Well it's only been 3 days, but hey. I promised to write in you every day, but for now, is every weekday fine for you? Some people have dogs, some people have soulmates, some have relatives. Some don't need it. But some, like me have journal. You're my first/last resort I guess. The only place where I can be myself. You're my imaginary friend that has a tangible real life extension. You're the reservoir of all that, in my mind, is real. You're the lucid day dream that helps me organize my conscious brain; just like night dreams organize the subconscious. Is it because you don't judge me? Maybe not; you're an extension of my own mind, and I'm extremely judgmental of myself. But the difference maybe, is that I know that you only reflect my own judgments without proactively providing me any of your own.
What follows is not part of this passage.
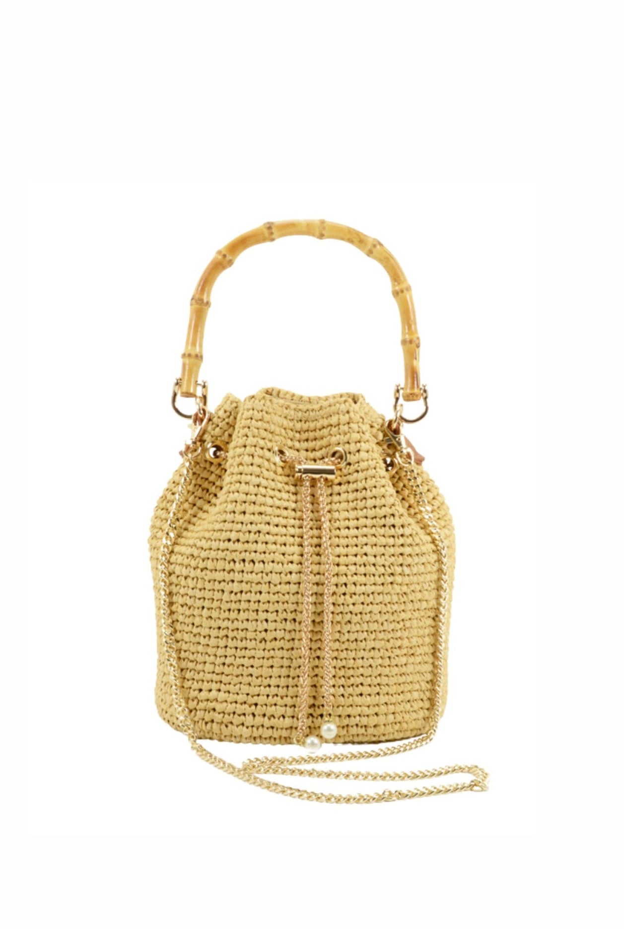 Straw Bucket Bag with Bamboo

You're the intellectual version of me asking a flat mirror how I look.

You can tell I love you from the way I treat you just like my loved ones. There are days when I'm completely dependent on you. There are weeks when everyday I'm craving some moments with you. Then there are times where for many straight days I tend to just forget your existence (or so it seems) till I see your face again and feel so guilty for not paying attention before. You can tell I love you from the way I keep fidgeting with your customization settings so that I comfortably cocoon inside your warm personalization.

Yet every day, unlike the cliche, I struggle to tell you something. I always know I want to tell you something, I just am constantly unsure what, how, when, where to tell you. All the choices of words, of labels, of categories, of associated feelings, of timing and so on, confuse me. It's the paradox of choice. I choose to admonish myself, to carry my introspection, down all the various avenues. And suddenly, I'm so lost in creating the story that I forget the beginning and the end. I end up telling you something from the surface, rather than being honest with you, completely, like I should. I end up being dishonest with me.

I'm not making any promises. I have only casual intentions. I know recursion is key. I know every single broad and narrow aspect of personal improvement. You're not my avenue towards the goal. For now, you are the goal. For to find the world, one must first find oneself.